» Your objective: Your copy should match the listing word for word, apart from the pictures, which are left out.
+++ The data +++
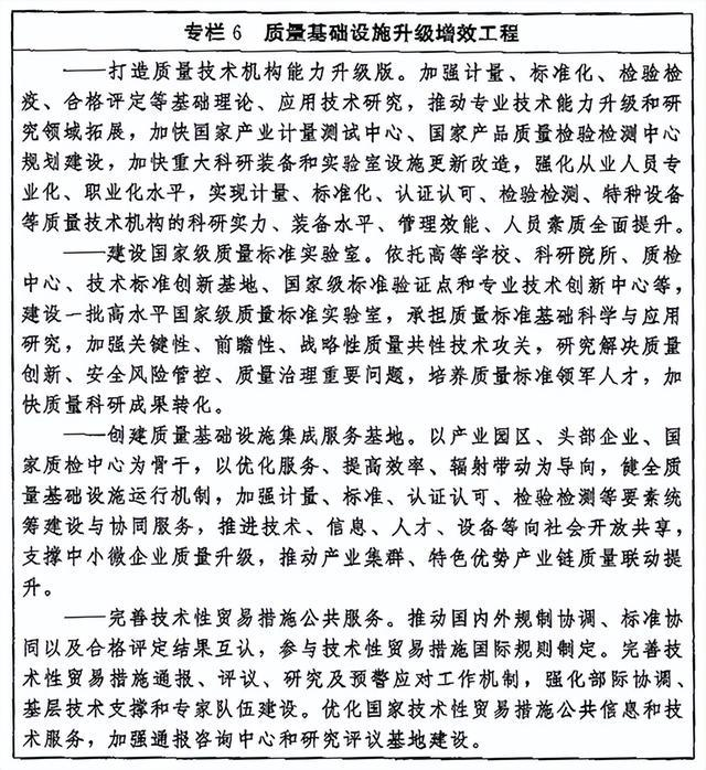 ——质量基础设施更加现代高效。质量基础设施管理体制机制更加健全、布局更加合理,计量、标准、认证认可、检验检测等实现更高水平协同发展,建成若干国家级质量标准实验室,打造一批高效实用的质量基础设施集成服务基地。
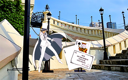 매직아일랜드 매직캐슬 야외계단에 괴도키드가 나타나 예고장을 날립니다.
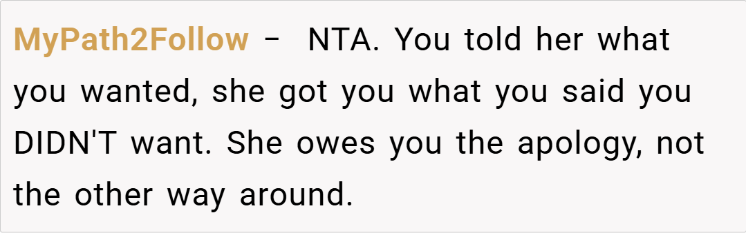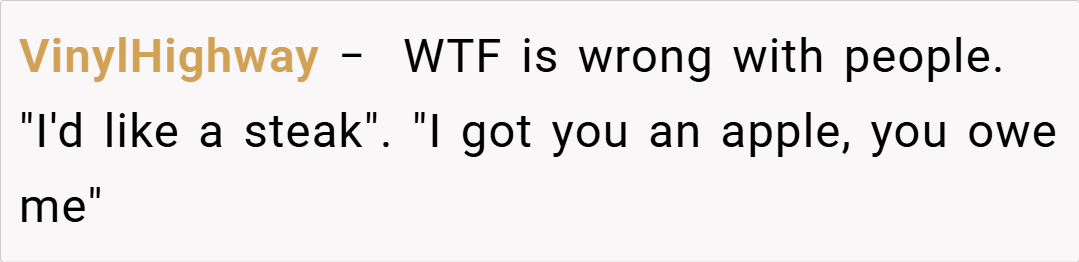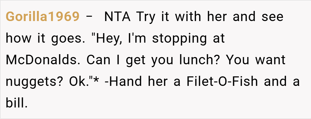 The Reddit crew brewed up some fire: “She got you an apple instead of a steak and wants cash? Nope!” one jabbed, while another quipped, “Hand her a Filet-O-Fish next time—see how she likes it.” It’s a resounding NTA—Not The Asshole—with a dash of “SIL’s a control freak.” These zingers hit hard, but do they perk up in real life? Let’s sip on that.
+++
» Your solution:
 ——质量基础设施更加现代高效。质量基础设施管理体制机制更加健全、布局更加合理,计量、标准、认证认可、检验检测等实现更高水平协同发展,建成若干国家级质量标准实验室,打造一批高效实用的质量基础设施集成服务基地。
 매직아일랜드 매직캐슬 야외계단에 괴도키드가 나타나 예고장을 날립니다.
 The Reddit crew brewed up some fire: “She got you an apple instead of a steak and wants cash? Nope!” one jabbed, while another quipped, “Hand her a Filet-O-Fish next time—see how she likes it.” It’s a resounding NTA—Not The Asshole—with a dash of “SIL’s a control freak.” These zingers hit hard, but do they perk up in real life? Let’s sip on that.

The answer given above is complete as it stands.